Même s‘il y a apprentissage de moyens techniques de diffusion d‘information, il n‘y a pas pour autant création de connaissances et encore moins de savoirs. Toutefois même si ces techniques ne participent pas vraiment de l‘individuation intellectuelle, elles sont des moyens d‘accéder à des formes d‘individuation sociale :

Le nouveau panorama de services communicationnels permet donc au jeune d‘avoir une gestion plus aisée de son portefeuille de relations. Tandis que pendant la journée du collège, les conventions demandent de respecter l‘impératif de fidélité à son groupe de pairs, il devient possible, le soir, de mobiliser ses liens strictement personnels, et en cela d‘affirmer et d‘être reconnu dans son individualité.

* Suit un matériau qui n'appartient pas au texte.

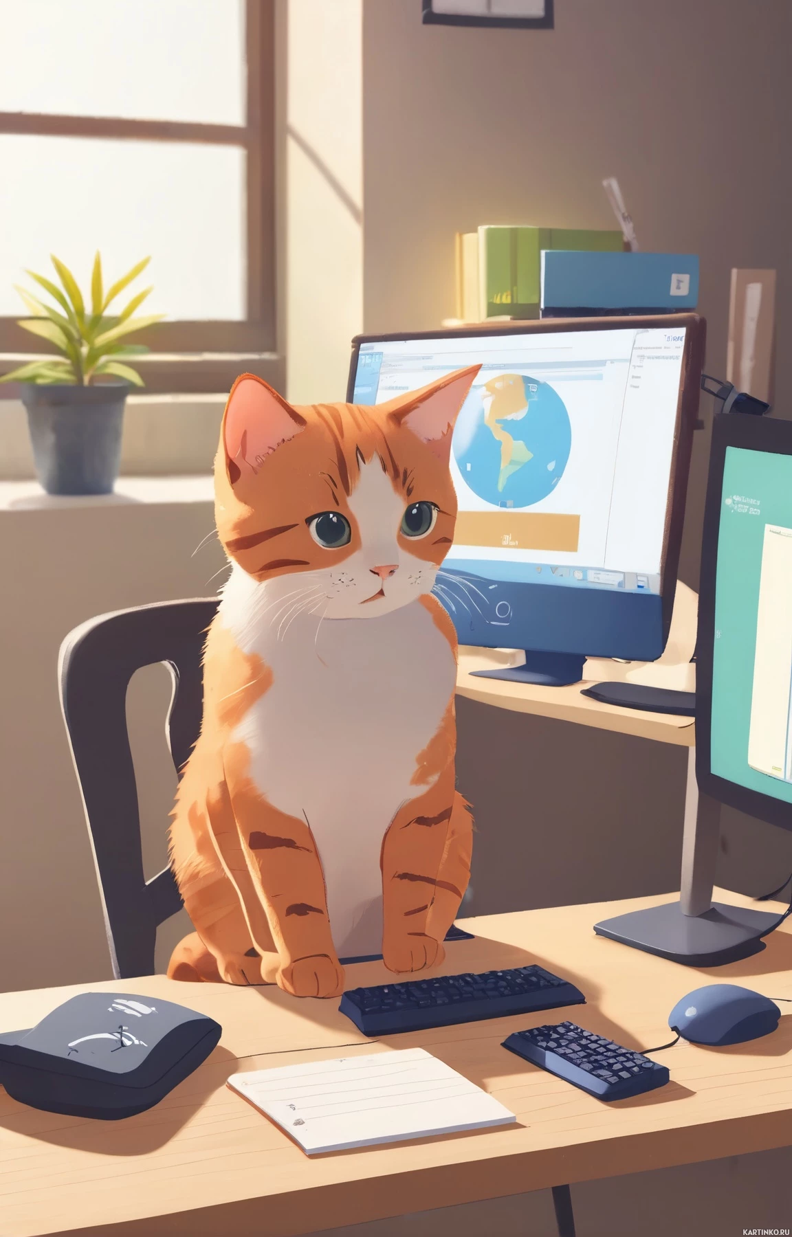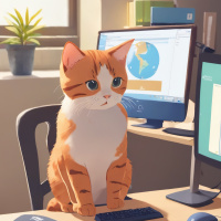 a computer monitor displaying a world map with various locations marked, suggesting that the cat might be working on some sort of global project or researching information. To the right of the cat, there's
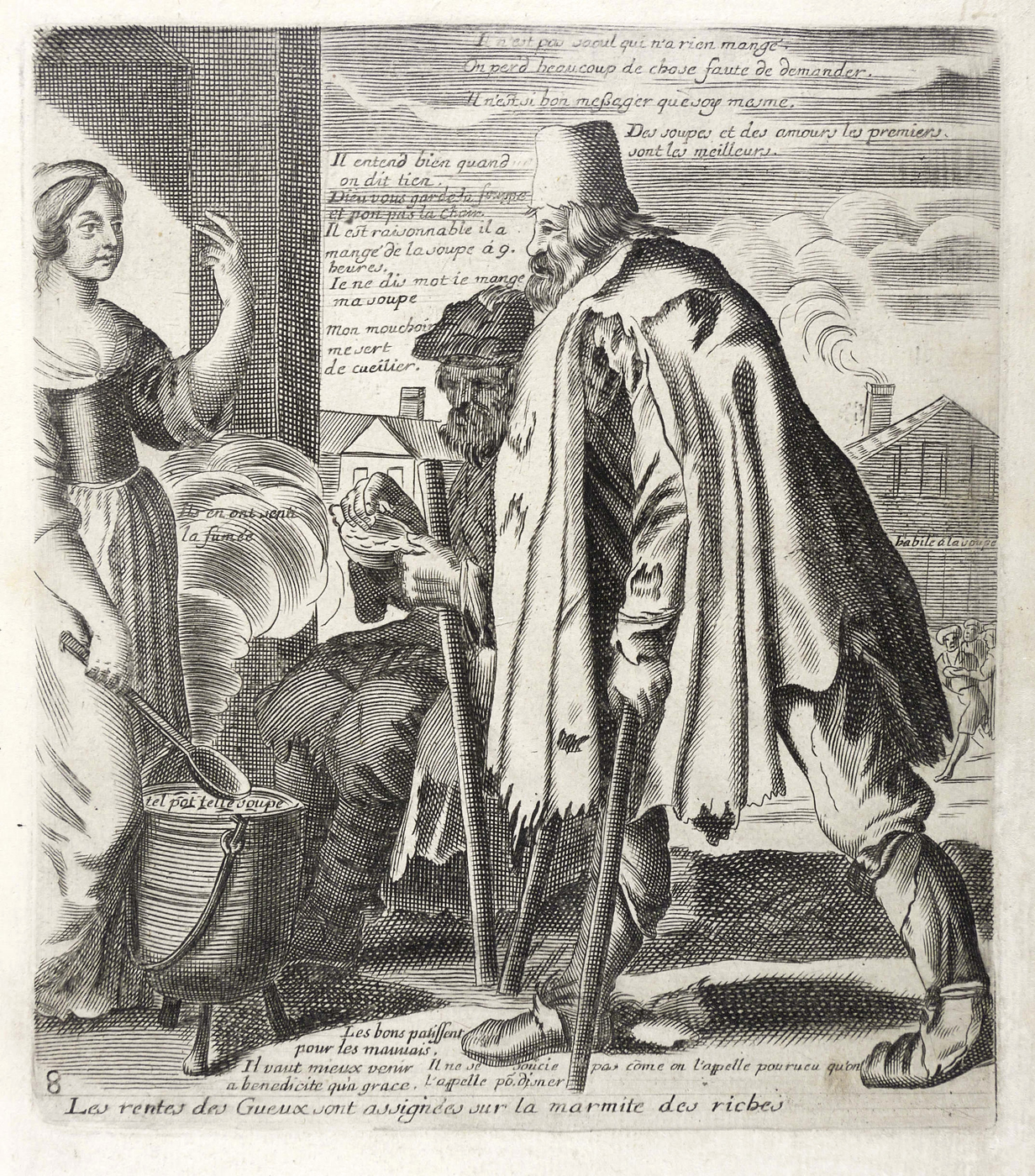 Aus: Jacques Lagniet, Recueil des plus illustres proverbes (Paris: Jacques Lagniet 1657-1663), Bd. 1-4[5]. – In der Platte unterhalb der Darstellung betitelt: ″Les rentes des Gueux sont assignées sur la marmite des riches″. Dazu nummeriert: ″8″. – Blatt verso mit geringen Montageresten und Sammlungsstempeln. Sonst aber guter Zustand.

Les outils de communication offrent également de nouvelles modalités pour partager confidences, secrets et « délires », tout en éludant les indésirables de la cour. Leurs usages sont donc indirectement un moyen de tracer et de redessiner les frontières du groupe, sur le mode de l‘inclusion et de l‘exclusion. On est invité sur la liste de Msn ou on ne l‘est pas : le processus d‘élection renforce les solidarités. C‘est pour cette même raison que les jeunes qui ne sont pas équipés d‘internet à domicile disent éprouver un certain manque. 169

Par conséquent ces pratiques qui gèrent de l‘information à portée courte, à la fois en termes de temporalité et d‘intérêt localisé, ne méritent pas un rejet de la part des institutions scolaires mais peuvent selon nous constituer des moyens pour former à la culture de l‘information.

Encore faut-il pour cela utiliser ces technologies avec une visée pédagogique.